Patrick Geddes

Sir Patrick Geddes ( October 2, 1854 in Ballater, † April 17, 1932 in Montpellier) was a Scottish biologist and botanist. He is best known as an innovative thinker in the field of urban planning and education. His botanical author abbreviation is " Geddes ".

Life

Geddes father was a simple soldier in a suburb of Perth, acquired in 1857 a cottage by the name of Mount Tabor. There grew up the young Patrick Geddes and collected in the mountains above the River Tay his first experience in the field of botany. In the years 1874-1878 he studied at the Royal College of Mines in London under Thomas Henry Huxley. Already with 24 years Geddes was a renowned biologist whose work has been published by the Royal Society. In 1879 he taught at Stonehaven for the University of Aberdeen is a zoological institution. After that he went on a research trip to Mexico. After an illness that almost eyesight would have cost him, he turned his attention to the man and his life environment. In 1888 he took over the Department of Botany at University College, Dundee, where he remained until 1919, before becoming the holder of the Chair of Sociology at the University of Bombay for five years. In 1924 he founded the Collège des Écossais Montpellier in southern France. 1932 a few months before his death, he was raised to the peerage.

Patrick Geddes was like the sociologist John Ruskin considers social processes and spatial structures are closely linked. He thought it therefore possible, by specific design of the physical environment to influence social processes or initiate. He presented this theory at the beginning of the 20th century, a time when industrialization had changed the lifestyle of people in the UK dramatically. Geddes goal was to create an urban environment that would be optimally adapted to the needs of the human body and mind would bring into harmony.
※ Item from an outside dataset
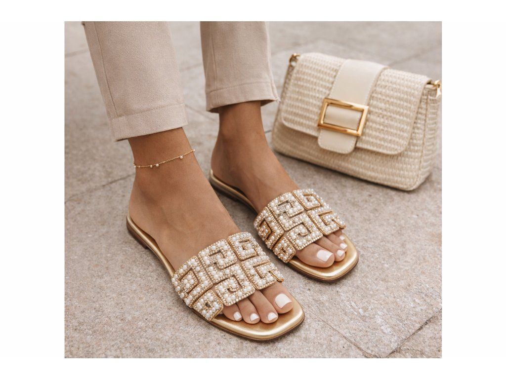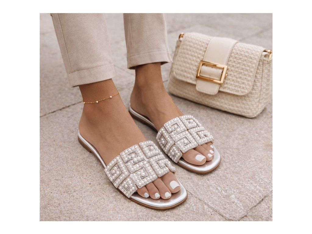 Dodejte svému letnímu outfitu šmrnc! Tyto stylové pantofle s bohatým zdobením z perliček jsou tou pravou volbou pro každou módní nadšenkyni.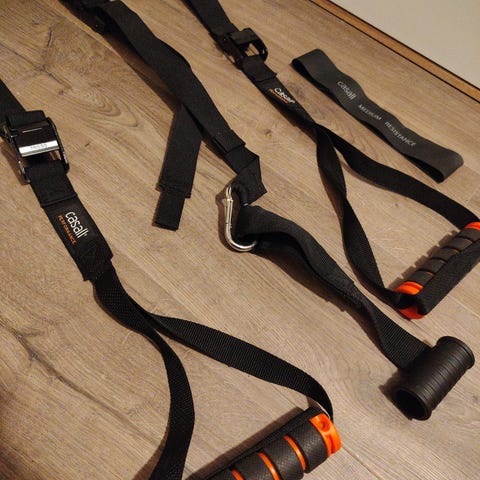Xcore Pilatesring med tilbehør inkludert bånd og manualer. Brukt for styrke- og fleksibilitetstrening, egnet for hjemmebruk eller i studio.

Geddes demonstrated his theories through his work, among others, in the old town of Edinburgh. In a highly dilapidated quarters, had lived in the well-known in the 18th and 19th century thinkers such as Adam Smith, he taught a citizen halls. In a tower at Edinburgh Castle, the Outlook Tower, he set up a museum of local, regional and international history. Heart of the museum was a big Camera Obscura in the spire. You should allow the visitor to overlook his immediate environment and they learn to understand as a unit.

Geddes theses influenced many thinkers of the 20th century, such as the American urban theorist Lewis Mumford. Today Geddes is often considered the father of city planning.

He founded the College Des Ecossais in Montpellier, France. Together with his son, the architect Sir Frank Mears, he worked on projects in the Middle East: In 1925 he was commissioned to restructure Tel Aviv by a master plan. He designed a garden city with hierarchical road network and with many places. Named after him Geddes plan but had to be changed quite a bit - because in the first half of the 1930s treat injuries sustained more people than anticipated. Nevertheless, the idea of Geddes in many places can still read out. 1932, shortly before his death, Geddes was knighted.

Educational work

Geddes developed a pedagogical model away from the traditional " 3Rs " (Reading, writing, arithmetic ). He preferred instead the " 3H ", namely Heart, Head, Hand. This education with " head, heart and hand" can already be found in Johann Heinrich Pestalozzi. Geddes Pestalozzi model further by giving the heart ( Heart ) the preference, because he was of the opinion that traditional education was concentrating too much on the head ( Head ). Geddes knew the meaning, they have to learn feelings for motivation. Therefore, he suggested that teachers should first understand what their students really motivated. Geddes came to the conclusion that learning should be at the heart, so start with the feelings. After that you should be on hand ( learning by doing ) and finally on the head ( " intellectual " learning, learning from books ) focus. As an ideal learning environment for heart and hand Geddes suggested the great outdoors.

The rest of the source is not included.